Task description: Given the records below, the lines starting at the line with "Sleeveless Navy green" and ending at the line with "MC超仙春季新款一字领碎花茶歇法式连衣裙23年新款原创小众设计" should be output exactly, both end lines kept and pictures left out.

Data records:

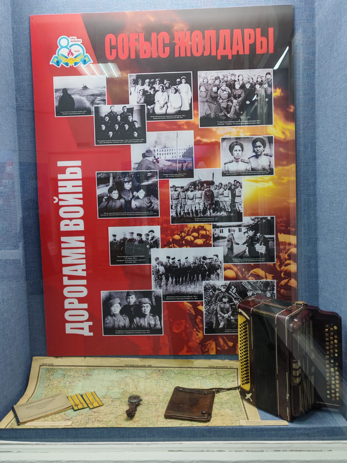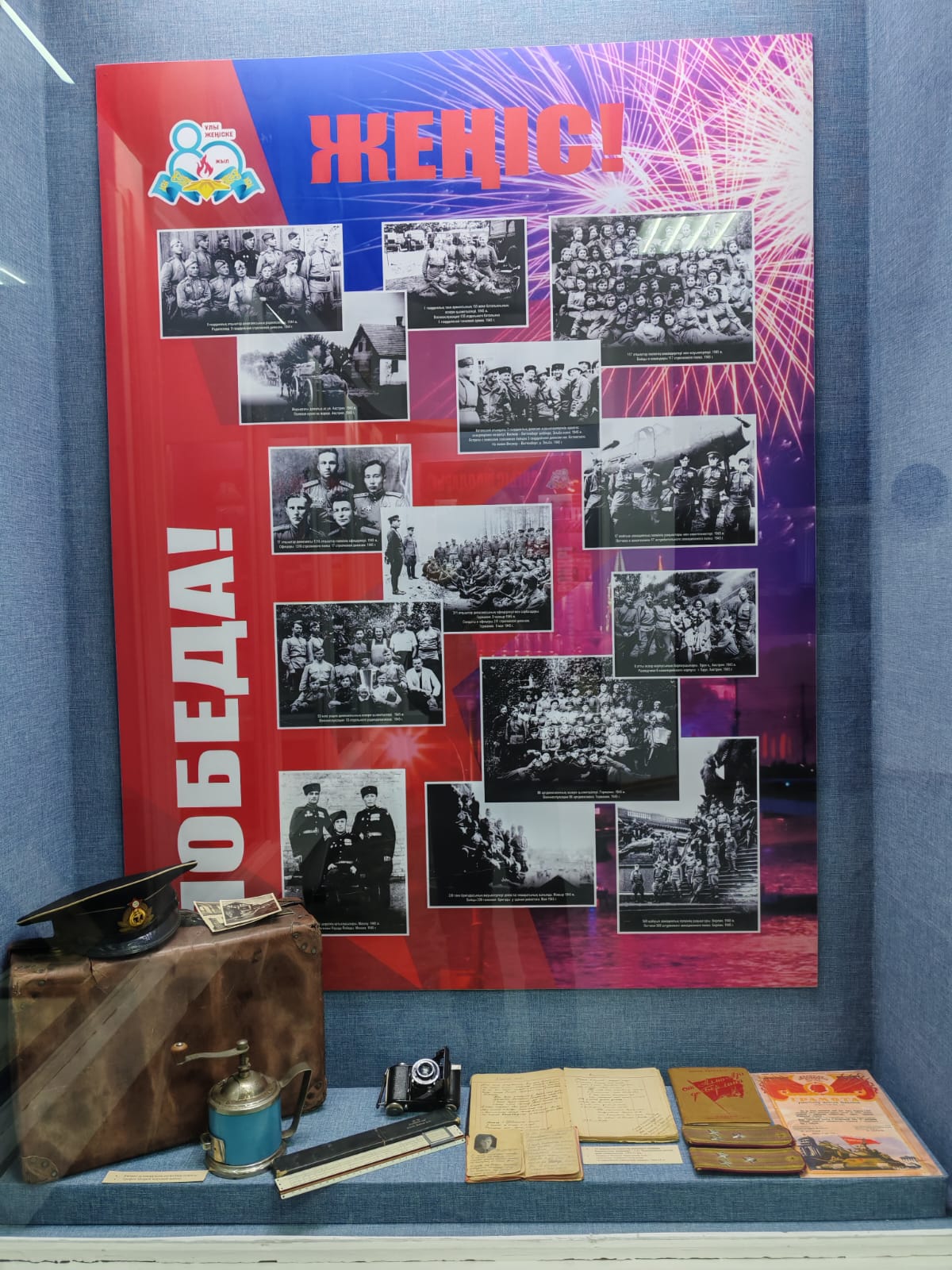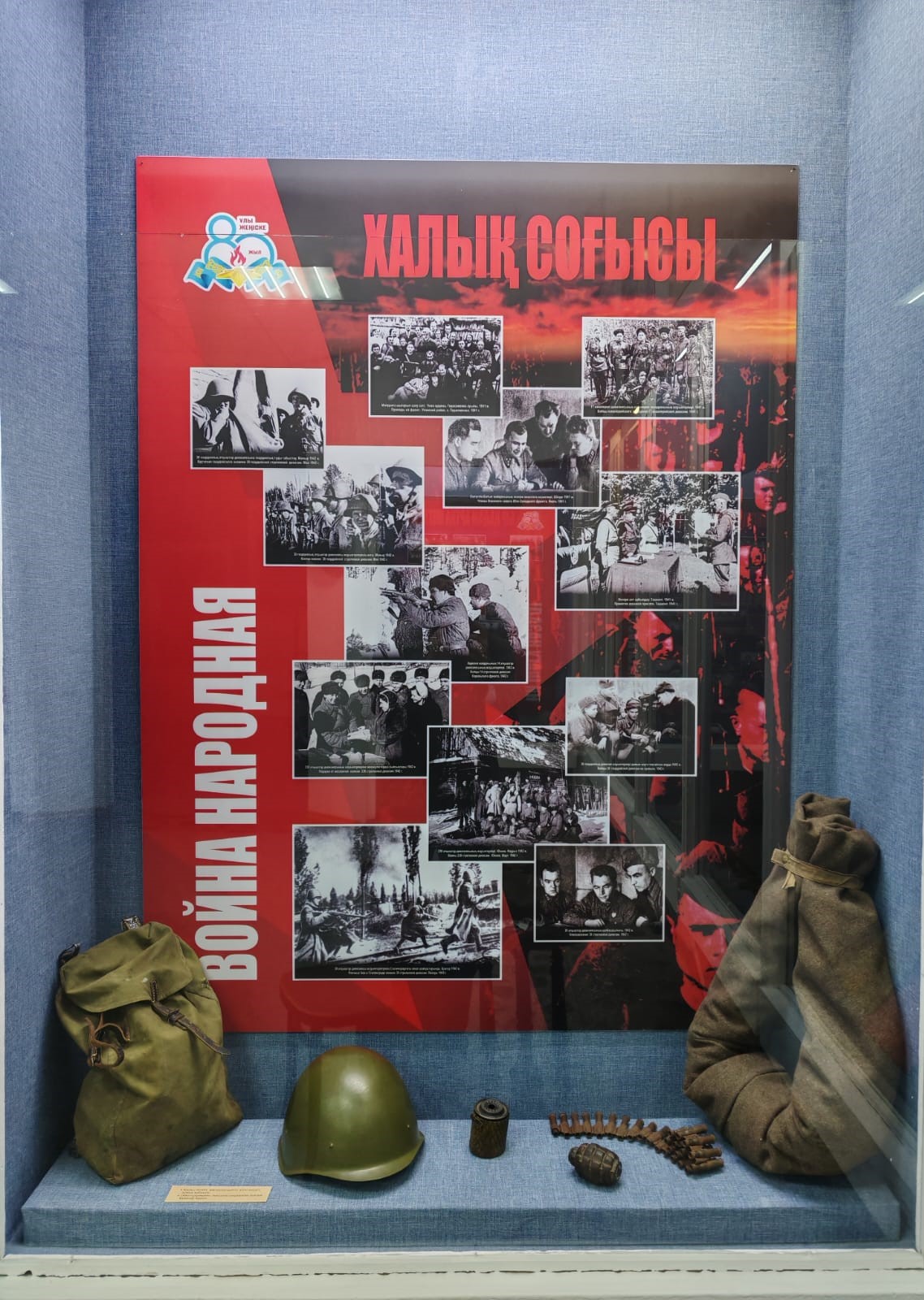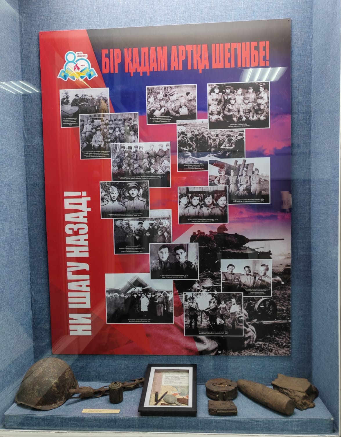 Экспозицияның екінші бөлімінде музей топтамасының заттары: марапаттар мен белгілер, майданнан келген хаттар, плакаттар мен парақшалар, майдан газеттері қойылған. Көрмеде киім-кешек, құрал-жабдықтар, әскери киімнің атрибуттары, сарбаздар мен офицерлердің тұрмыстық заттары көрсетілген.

...

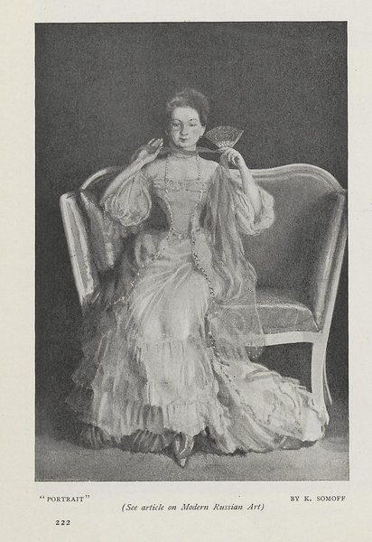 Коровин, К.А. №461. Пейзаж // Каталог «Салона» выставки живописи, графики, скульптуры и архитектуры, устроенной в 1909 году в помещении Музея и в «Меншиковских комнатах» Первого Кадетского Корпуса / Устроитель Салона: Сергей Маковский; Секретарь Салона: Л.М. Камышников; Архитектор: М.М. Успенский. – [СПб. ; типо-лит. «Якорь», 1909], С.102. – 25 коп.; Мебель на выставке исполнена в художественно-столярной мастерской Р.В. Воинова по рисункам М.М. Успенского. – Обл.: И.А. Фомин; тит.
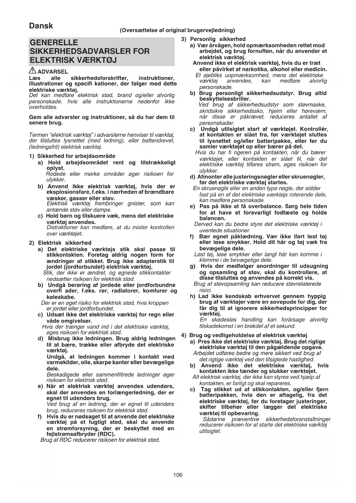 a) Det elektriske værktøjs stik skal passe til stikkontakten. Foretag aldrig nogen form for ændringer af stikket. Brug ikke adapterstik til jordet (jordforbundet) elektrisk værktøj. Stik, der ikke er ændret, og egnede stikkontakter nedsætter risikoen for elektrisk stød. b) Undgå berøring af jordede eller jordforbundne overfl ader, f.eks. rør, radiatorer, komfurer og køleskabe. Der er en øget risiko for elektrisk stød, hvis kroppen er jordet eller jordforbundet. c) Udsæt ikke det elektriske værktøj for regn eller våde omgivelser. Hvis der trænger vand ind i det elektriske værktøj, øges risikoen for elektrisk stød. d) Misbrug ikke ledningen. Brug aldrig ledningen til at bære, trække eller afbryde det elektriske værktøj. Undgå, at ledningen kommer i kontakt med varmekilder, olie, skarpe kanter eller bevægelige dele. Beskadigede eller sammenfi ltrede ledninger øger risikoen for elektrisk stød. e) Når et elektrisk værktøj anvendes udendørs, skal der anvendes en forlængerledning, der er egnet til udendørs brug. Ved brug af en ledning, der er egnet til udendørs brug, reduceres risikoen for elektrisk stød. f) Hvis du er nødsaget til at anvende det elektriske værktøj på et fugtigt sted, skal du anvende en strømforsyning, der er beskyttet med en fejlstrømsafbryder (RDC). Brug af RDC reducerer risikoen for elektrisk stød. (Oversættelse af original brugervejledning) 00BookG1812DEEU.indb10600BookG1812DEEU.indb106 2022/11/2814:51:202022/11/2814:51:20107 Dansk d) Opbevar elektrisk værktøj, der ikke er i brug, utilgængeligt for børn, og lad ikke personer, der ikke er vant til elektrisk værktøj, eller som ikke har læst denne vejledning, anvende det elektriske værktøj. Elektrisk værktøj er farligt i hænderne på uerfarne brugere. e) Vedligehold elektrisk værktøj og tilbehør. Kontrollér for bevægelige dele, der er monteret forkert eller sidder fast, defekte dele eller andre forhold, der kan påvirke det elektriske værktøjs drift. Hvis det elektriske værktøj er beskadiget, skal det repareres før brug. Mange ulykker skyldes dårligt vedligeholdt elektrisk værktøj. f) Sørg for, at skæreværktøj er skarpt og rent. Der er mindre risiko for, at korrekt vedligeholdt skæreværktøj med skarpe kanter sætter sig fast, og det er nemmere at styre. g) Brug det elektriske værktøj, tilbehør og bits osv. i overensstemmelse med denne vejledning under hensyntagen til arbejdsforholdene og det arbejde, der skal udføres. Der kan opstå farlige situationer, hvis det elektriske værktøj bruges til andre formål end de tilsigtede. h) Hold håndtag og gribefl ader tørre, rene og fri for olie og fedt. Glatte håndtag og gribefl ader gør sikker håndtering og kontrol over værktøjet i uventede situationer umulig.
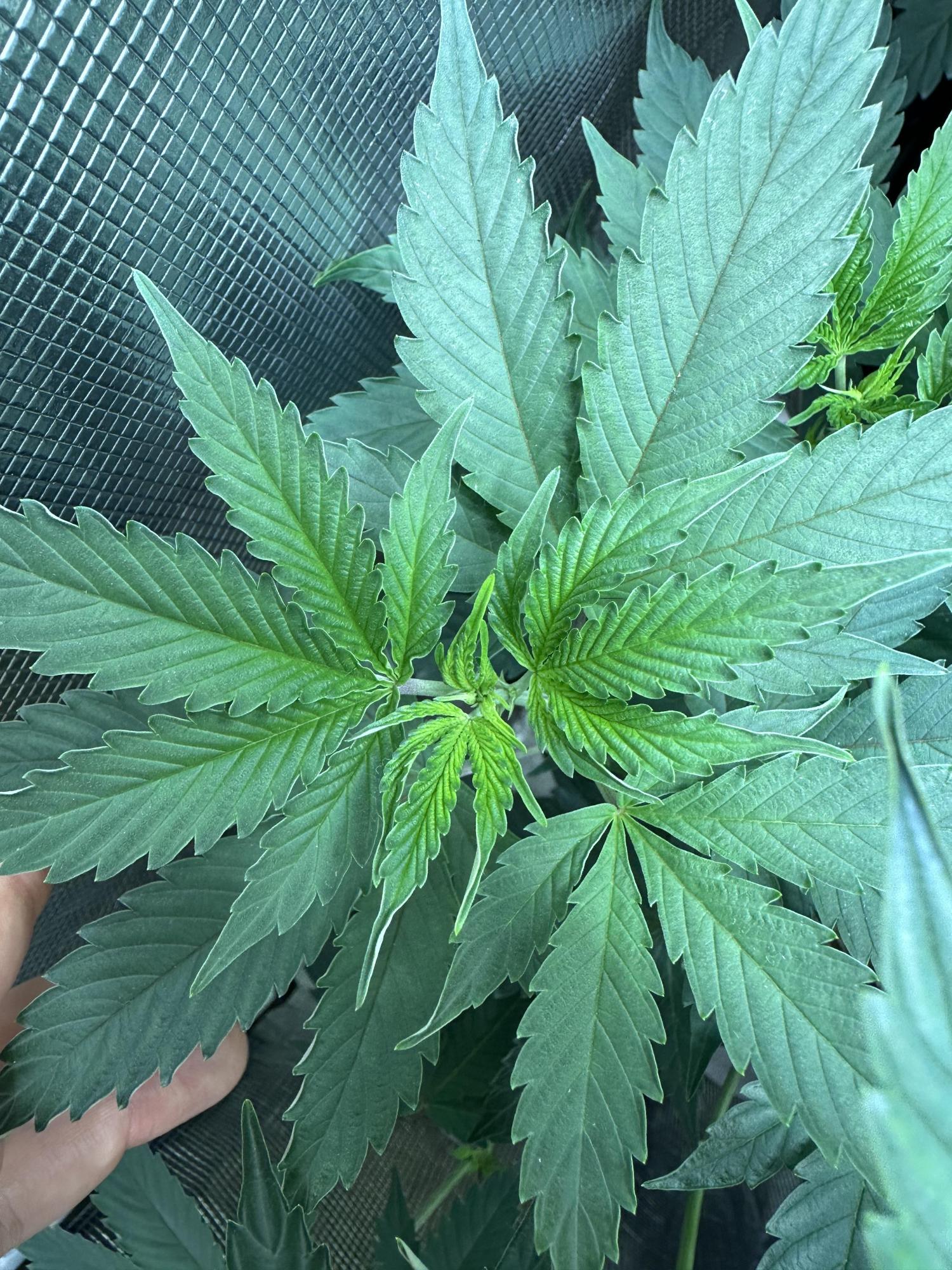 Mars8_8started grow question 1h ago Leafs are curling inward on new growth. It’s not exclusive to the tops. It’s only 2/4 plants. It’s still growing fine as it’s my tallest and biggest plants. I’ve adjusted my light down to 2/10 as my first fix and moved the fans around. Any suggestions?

...

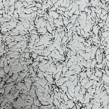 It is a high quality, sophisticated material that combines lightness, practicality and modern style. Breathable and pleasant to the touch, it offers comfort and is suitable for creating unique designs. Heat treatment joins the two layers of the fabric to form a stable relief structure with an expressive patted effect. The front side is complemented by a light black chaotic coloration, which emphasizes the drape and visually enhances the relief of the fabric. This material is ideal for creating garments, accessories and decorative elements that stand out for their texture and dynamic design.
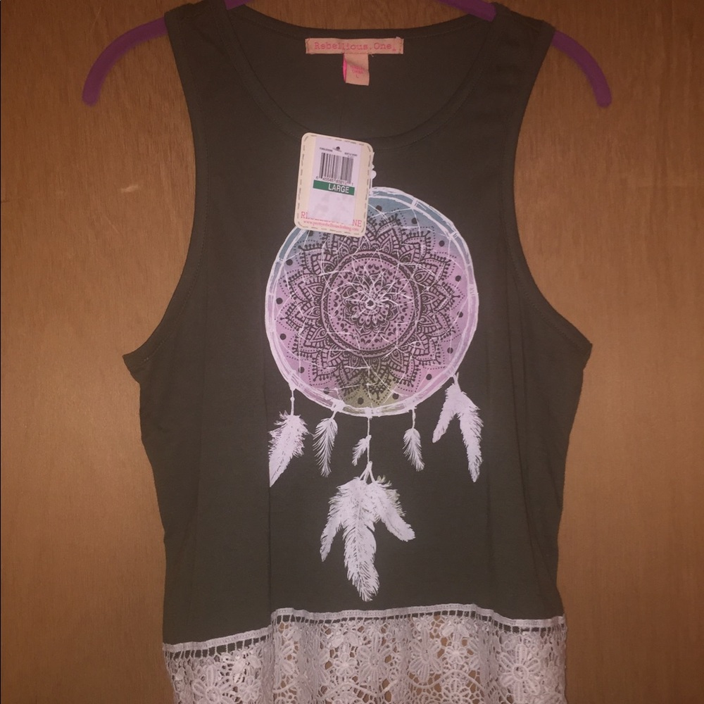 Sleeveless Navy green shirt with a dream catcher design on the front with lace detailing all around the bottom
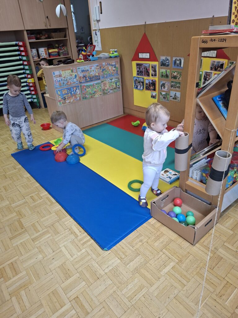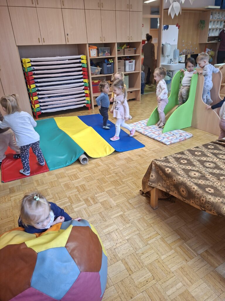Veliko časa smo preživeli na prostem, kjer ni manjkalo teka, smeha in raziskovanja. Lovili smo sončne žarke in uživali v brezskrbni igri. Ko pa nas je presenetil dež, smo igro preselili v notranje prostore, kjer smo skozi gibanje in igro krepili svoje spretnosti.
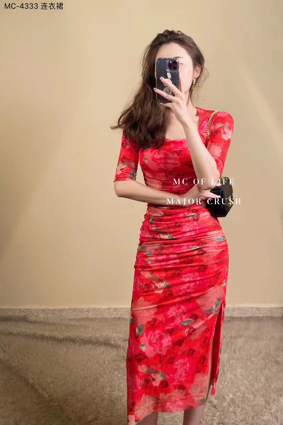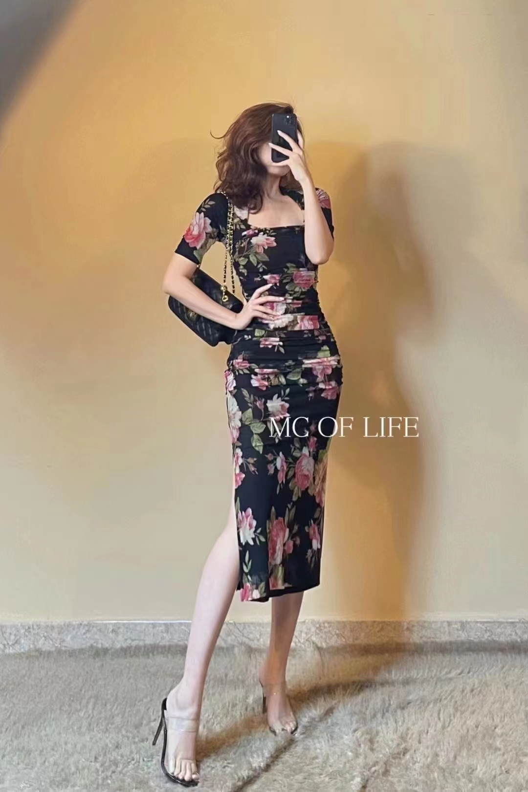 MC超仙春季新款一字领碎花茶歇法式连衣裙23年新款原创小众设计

Exercise answer:
 Sleeveless Navy green shirt with a dream catcher design on the front with lace detailing all around the bottom
Veliko časa smo preživeli na prostem, kjer ni manjkalo teka, smeha in raziskovanja. Lovili smo sončne žarke in uživali v brezskrbni igri. Ko pa nas je presenetil dež, smo igro preselili v notranje prostore, kjer smo skozi gibanje in igro krepili svoje spretnosti.
 MC超仙春季新款一字领碎花茶歇法式连衣裙23年新款原创小众设计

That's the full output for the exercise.